For two decades, he dodged across America, a step ahead of the hoodwinked. Along the way, he picked up three wives, three divorces and four children. To this day, he has no idea what happened to any of them.
Hospital Bills
Some things he does remember well. When daughter Princilla Anne was born in El Paso, he paid the hospital with a bum check. He did the same on the blessed day Pamela Sue came into this world in Chattanooga. For William Paul, born in Atlanta, he pawned some hot sewing machines.
“It was quite a treadmill,” he recalled.
But in 1958 all that changed. He was a year out of Leavenworth when he met barmaid Beulah Jane Osborne in Long Beach. He thought she looked like movie star Ava Gardner. He confessed his sins and proposed marriage. She told him he’d have to straighten out.

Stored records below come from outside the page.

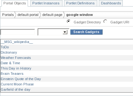 browse by selecting it in the drop-down menu and clicking View portlets.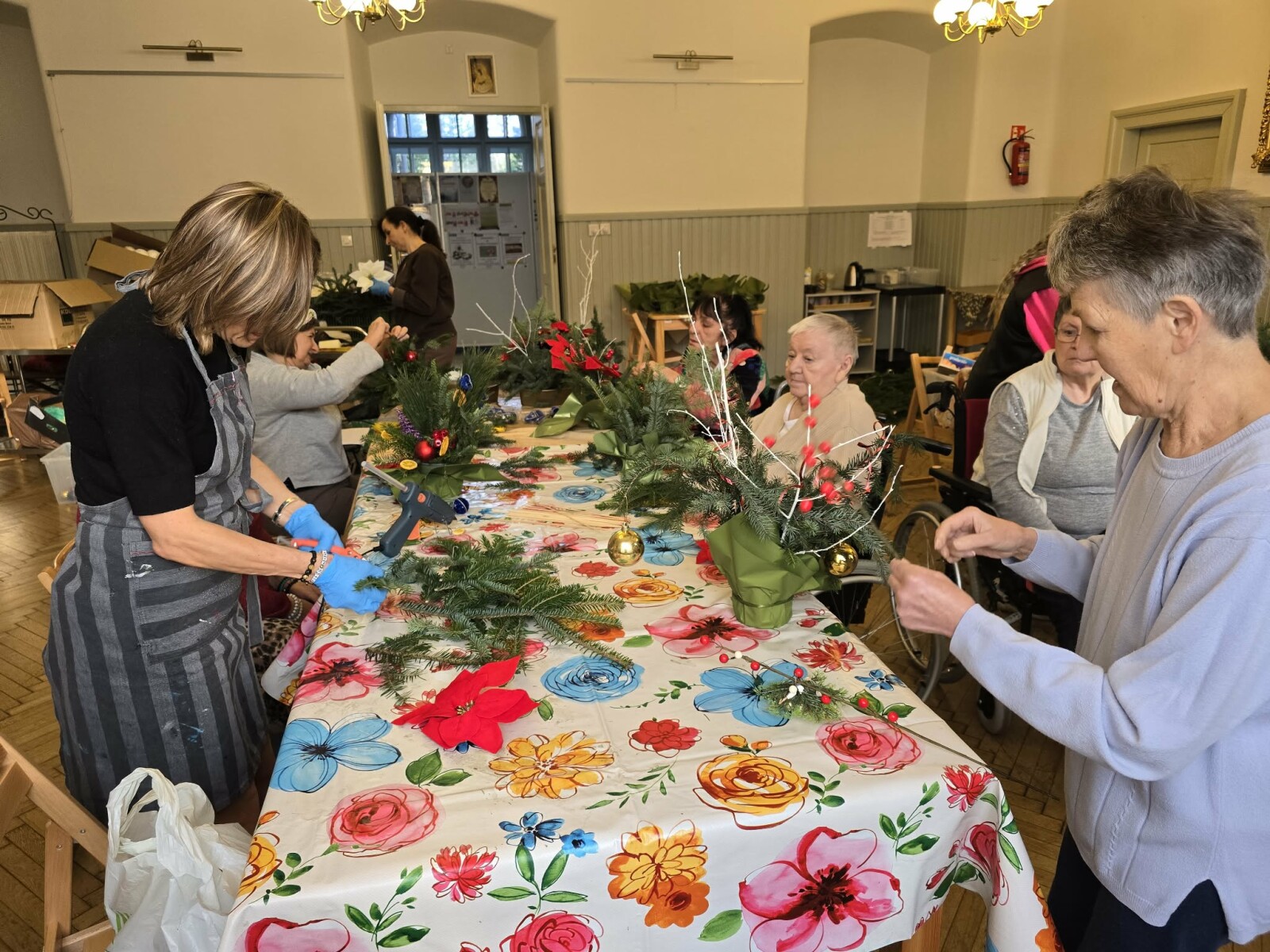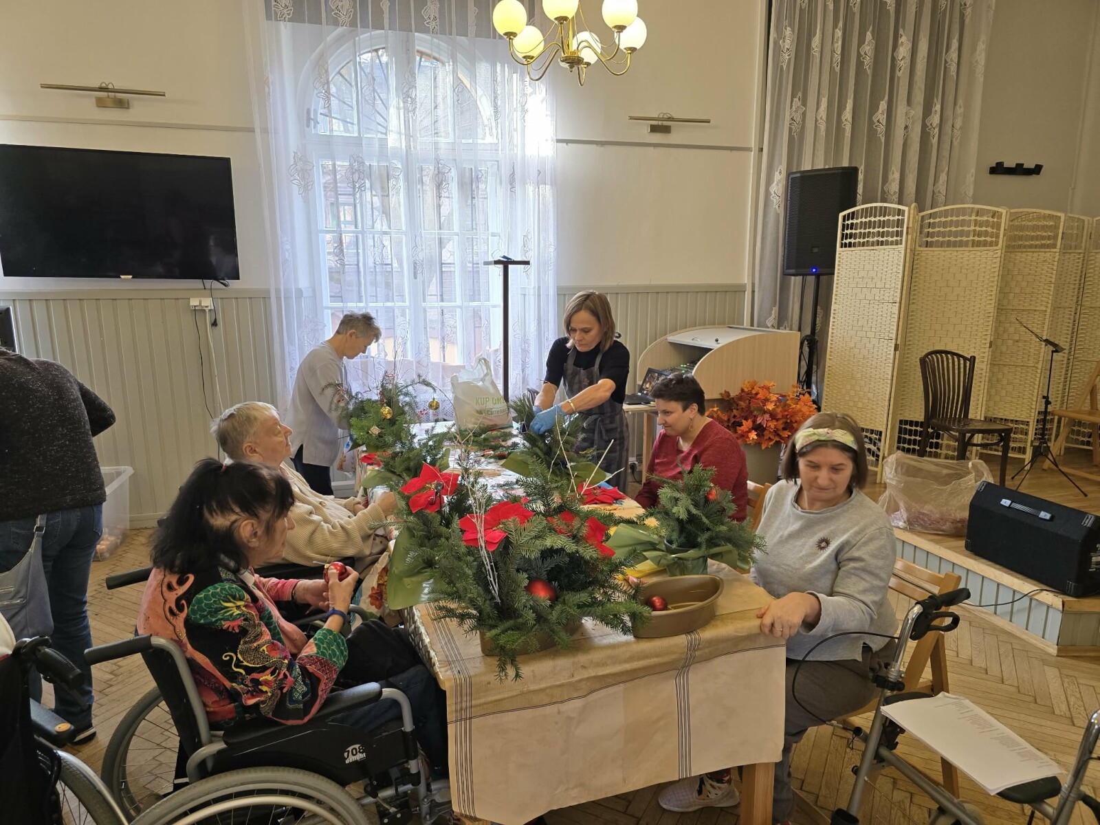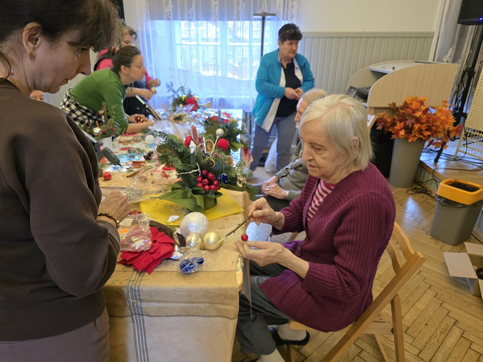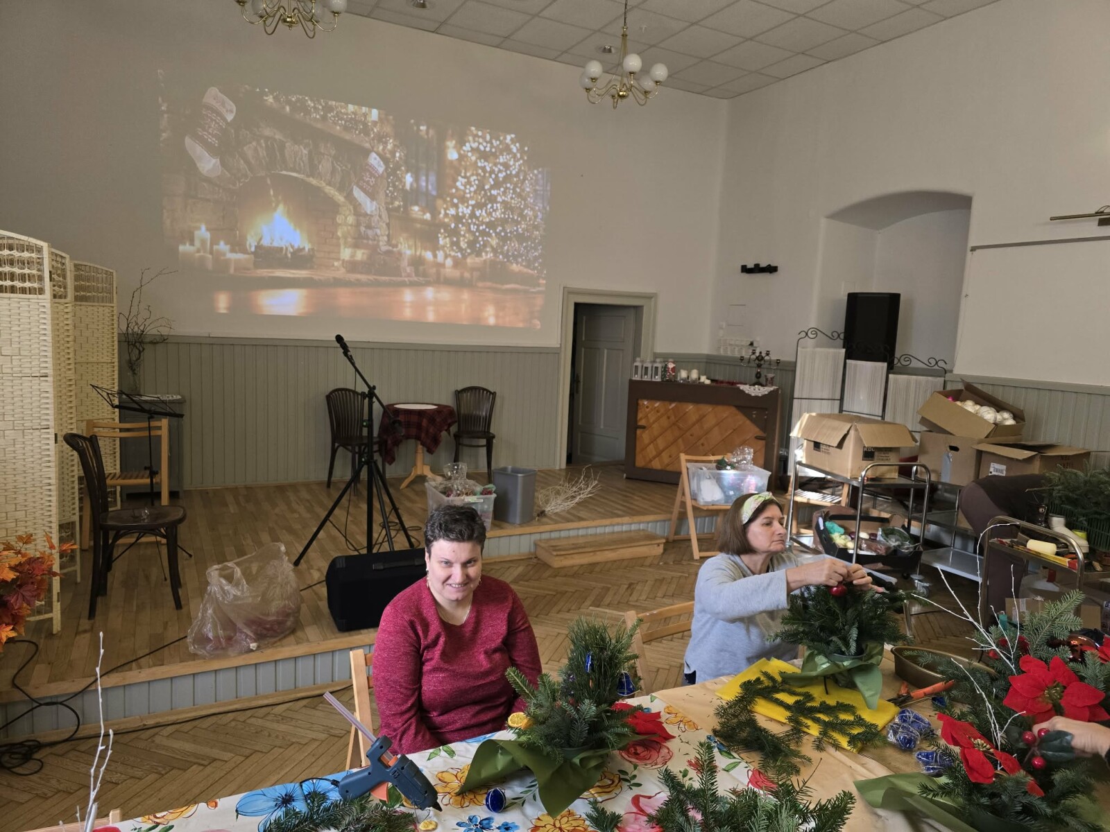 Podczas warsztatów uczestnicy mieli możliwość samodzielnego wykonania dekoracji świątecznych, takich jak ozdoby choinkowe, stroiki oraz inne elementy świątecznego wystroju. Organizatorzy zapewnili wszystkie niezbędne materiały, co pozwoliło uczestnikom swobodnie realizować własne pomysły i twórcze inspiracje. Zajęcia sprzyjały rozwijaniu kreatywności, zdolności manualnych oraz dawały wiele radości i satysfakcji z własnoręcznie wykonanych prac. Wspólna praca stworzyła okazję do rozmów, wymiany doświadczeń oraz budowania relacji w serdecznej, świątecznej atmosferze.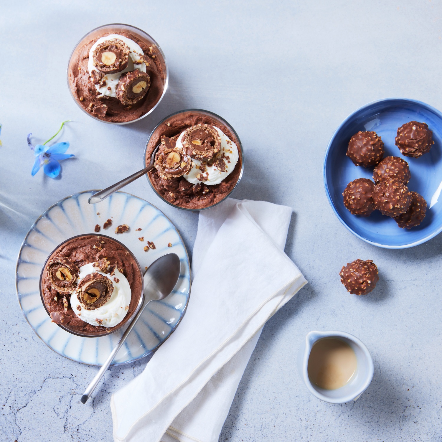 - Die Pralinen auspacken und vier davon in kleine Stücke schneiden. Die Stückchen unter die steif geschlagene Schokoladensahne ziehen. In vier Portionsgläser füllen.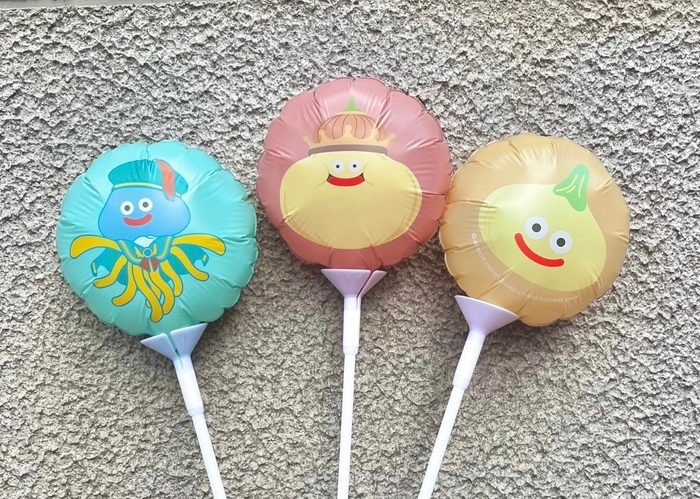 制作したスライムの写真に「#MYスライム」を付けてSNSへ投稿された方に、「ドラゴンクエスト アイランド」のオリジナルモンスターである「ホミロット4世」、「たまねぎキング」、「たまねぎスライム」が描かれた手持ちバルーンをプレゼントいたします。(手持ちバルーンは、デザインごとにそれぞれ数に限りがあります。なくなり次第終了となります)
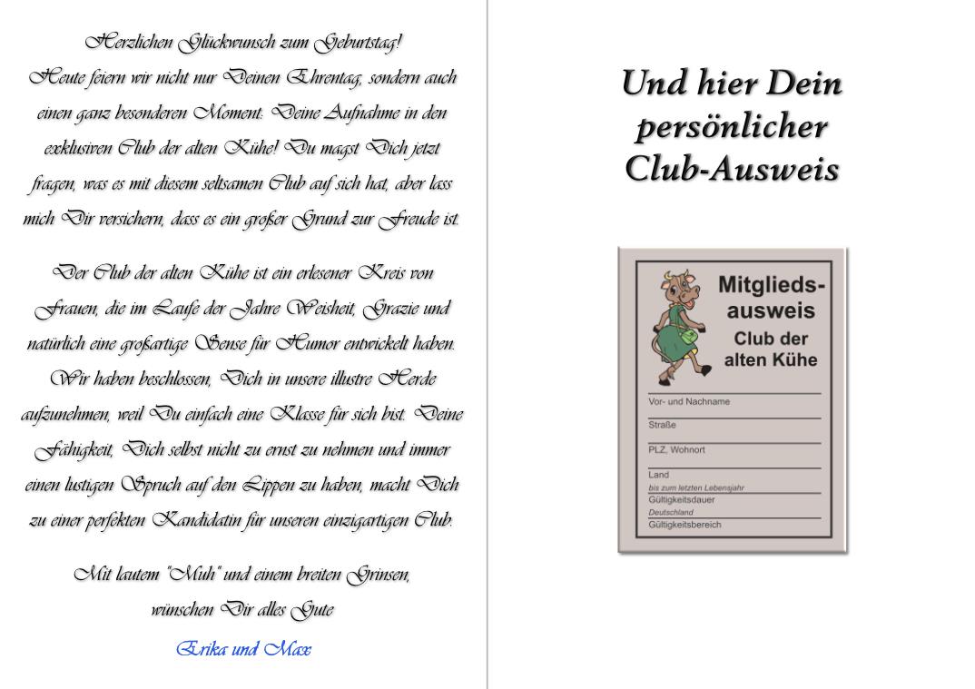 Glückwunschkarte incl. einem Ausweis vom Club der alten Kühe.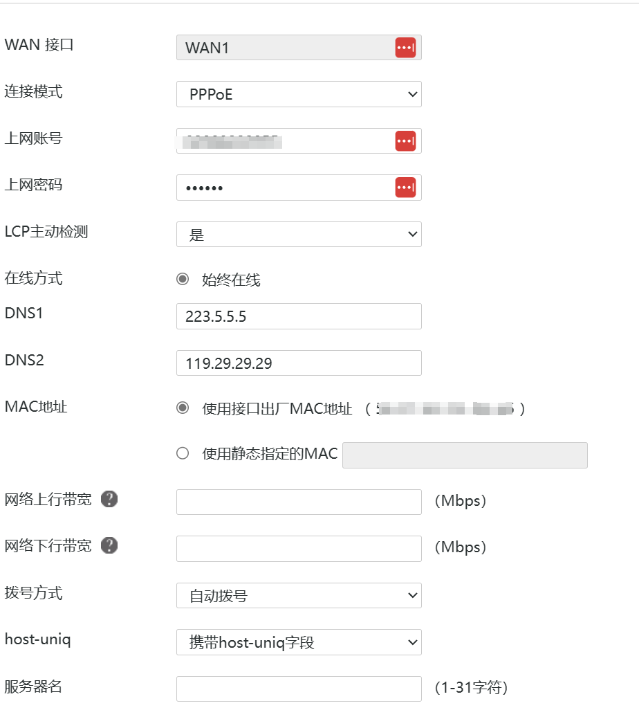 路由器通过PPPoe拨号,并启动NAT。然后Vlan1上提供DHCP为内网分配IP。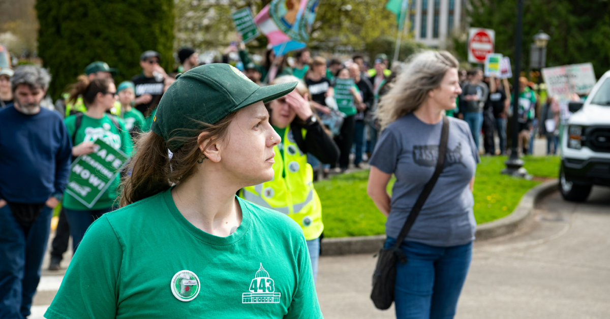 Mïlo Nicholas, pictured at a rally for state employees they helped plan, is a WFSE Local 443 vice president and shop steward. Photo: Mïlo Nicholas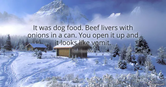 Sizemore, Tom. "It was dog food. Beef livers with onions in a can. You open it up and it looks like vomit." FixQuotes. January 15, 2026. https://fixquotes.com/quotes/it-was-dog-food-beef-livers-with-onions-in-a-can-156926/.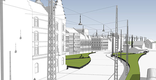 This project involved the design of an urban park for a small space sandwiched between a public thoroughfare and existing apartment buildings. The space is currently used as street parking. The design scheme implemented a level stylobate of turf grass that could be utilized by the neighborhood. The streets, sidewalks, and bicycle paths have East-West and North-South cross-slopes. While pathways cut through the park, their elevations drop while the level of the grassy field remains constant. This strengthens the park as an object separating it from its surrounding functions. Edges are reinforced by changes in elevation as well as a granite wall “lifting” it above the city’s everyday movement.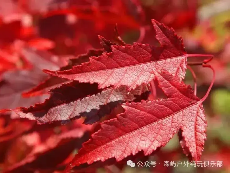 三角槭,标准的三角形裂片,精致小巧,边缘光滑整齐,完美诠释着“枫”中“几何美学”。随着气温降低,栖霞山三角槭的叶片也慢慢变成暗红色,低调但仍不失韵味。三角槭的树形舒展,枝条纤细,红叶在阳光下通透发亮,自带文艺滤镜,拍照氛围感满满~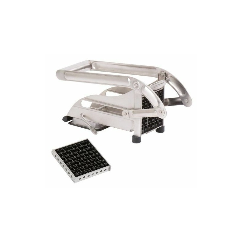 Le système de levier long permet de découper les pommes de terre avec une force minimale, même lorsqu’elles sont fermes. Les deux grilles interchangeables assurent une coupe régulière, idéale pour obtenir des frites bien calibrées qui cuiront de façon homogène. Le pied ventouse, associé aux pieds antidérapants, garantit une parfaite stabilité lors de l’utilisation, ce qui sécurise et fluidifie chaque geste.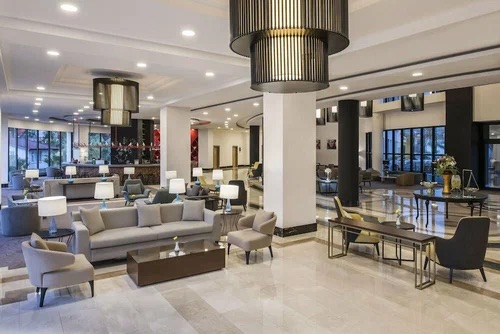 DoubleTree By Hilton Kemer 5* — это современный курортный отель, расположенный на первой береговой линии в центре Кемера, всего в 50 км от аэропорта Анталии. Отель сочетает стильный дизайн, высокий уровень сервиса и концепцию «Ultra All Inclusive». На территории площадью 18 000 м² гостей ждут просторные номера с балконом, мини-баром, сейфом, бесплатным Wi-Fi и современными ванными комнатами. Для семей доступны дуплекс-номера и люксы, а для детей работает мини-клуб Teddy & Bunny (4–12 лет) и игровая площадка. Особенностью отеля является уникальная гастрономическая концепция: пять ресторанов a’la carte (итальянская кухня, морепродукты, суши, барбекю и бедуинская кухня), передвижные фудтраки с блюдами разных стран мира, собственная кондитерская Lorien с выпечкой и десертами, а также круглосуточный бар и мороженое-бар The Ice Fridge.

“The past was the past,” said Jane, for all these years wife number four, the only one who stuck.
The name Gipson, in fact, was her idea. She had been a Mrs. Gipson once before, with her first husband. The name lent their marriage the kind of flimsy foundation of fact Bob appreciated.
In the following years, they connived a future together. Her new Gipson kept his promises. He used that gift of gab to sell the Encyclopedia Britannica. He even became a district manager.
Then in 1975, the Gipsons moved to Port Richey. Bob had an idea he could sell dead-bolt locks to retirees. He could become a civic leader.
“People liked this Bob Gipson,” he reflected, smugly proud of his final invention.
They liked him so much they didn’t even care he wasn’t him, which makes an old con man predict happily:
“I can run with this for years.”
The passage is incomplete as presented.